In general, there are various approaches for integrating different data sources by using warehousing, mediation and Semantic Web technology based approaches (Töpel et al. 2008; Pasquier 2008; Grethe et al. 2009; Spanos et al. 2012). Warehouse integration consists of cataloguing and accessing data from multiple sources and repositories in a local database, which is called the warehouse and designed with the objective of retrieving information from the data and supporting decision making (Fig. 1.1) (Töpel et al. 2008; Kienast and Baumgartner 2011). Usually relational databases with different database schemata are used such as the Star schemaFootnote 1 or the Snowflake schema.Footnote 2 Basically, a data warehouse consists of two entities, a back room and front room entity, which are mostly separated physically as well as logically.
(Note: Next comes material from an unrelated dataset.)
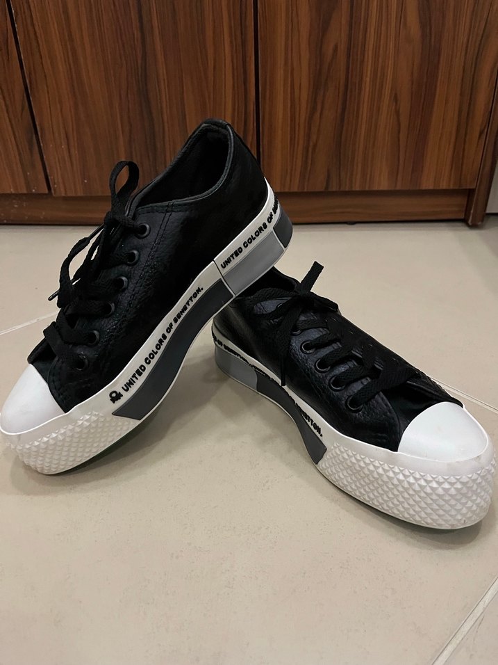 Siyah platform tabanlı, lastik tabanlı spor ayakkabılar. Desensiz tasarımıyla sokak stilini zahmetsiz şıklıkla buluşturur.

The ETL process (Extract, Transform and Load), the basic concept of a data warehouse back room, is conducted to extract and import the data from the data source (i.e. data from external sources including flat files, XML files or databases) into the needed reference system (repository) of the data warehouse (Hernandez and Kambhampati 2004; Kugler et al. 2008). The back room thus describes the data management component, which permanently stores the data in a physical database and delivers subsets of data retrieved by queries. The front room makes it possible to access the data held in the warehouse by providing tools and methods for intelligent data accessing, mining and information retrieval, which is of great interest for clinical uses e.g. to support medical decision making. Users have access to the data of interest via the front room by two different types of database queries: ad-hoc and intelligent queries. Ad-hoc queries are executed through SQL statements that need to be formulated by a trained user, while intelligent query approaches are extended, more user-friendly queries based on result sets of adhoc queries using a medical knowledge base to process the information requests. Such requests allow for identification of patterns and relationships within the data relying on the concept of different information hierarchies in the data (Lyne et al. 2013).

Fig. 1.1
figure 1

Three-tier architecture of a data warehouse which is composed of a data management layer, data integration layer and application layer

Mediator based integration focuses more on query translation, where data is not centrally stored, but directly accessed from the distributed sources (Grethe et al. 2009). The data flow between mediators and data sources is provided by specific software components termed Wrappers (Hernandez and Kambhampati 2004). A more targeted approach for the integration of heterogeneous data sources, in particular in biomedical applications, is the use of Semantic Web technologies, whereby existing documents and data are provided with structured meta-information (Cheung et al. 2007; Pasquier 2008; Spanos et al. 2012). A key feature of this approach is the use of semantics by ontologies, which overcomes the problem of interpreting homonyms and synonyms in different sources. It should be noted that ontologies are a type of controlled vocabulary that attempt to capture the knowledge of a specific domain, which is also an important approach for warehousing and mediation based data integration concepts (Bodenreider 2008). To benefit from ontologies, it is important to annotate instances to metadata ontologies, which should be standardized and machine-readable. The Semantic Web technology provides tools for exchanging metadata information via Extensible Markup Language (XML) to allow for semantic data integration.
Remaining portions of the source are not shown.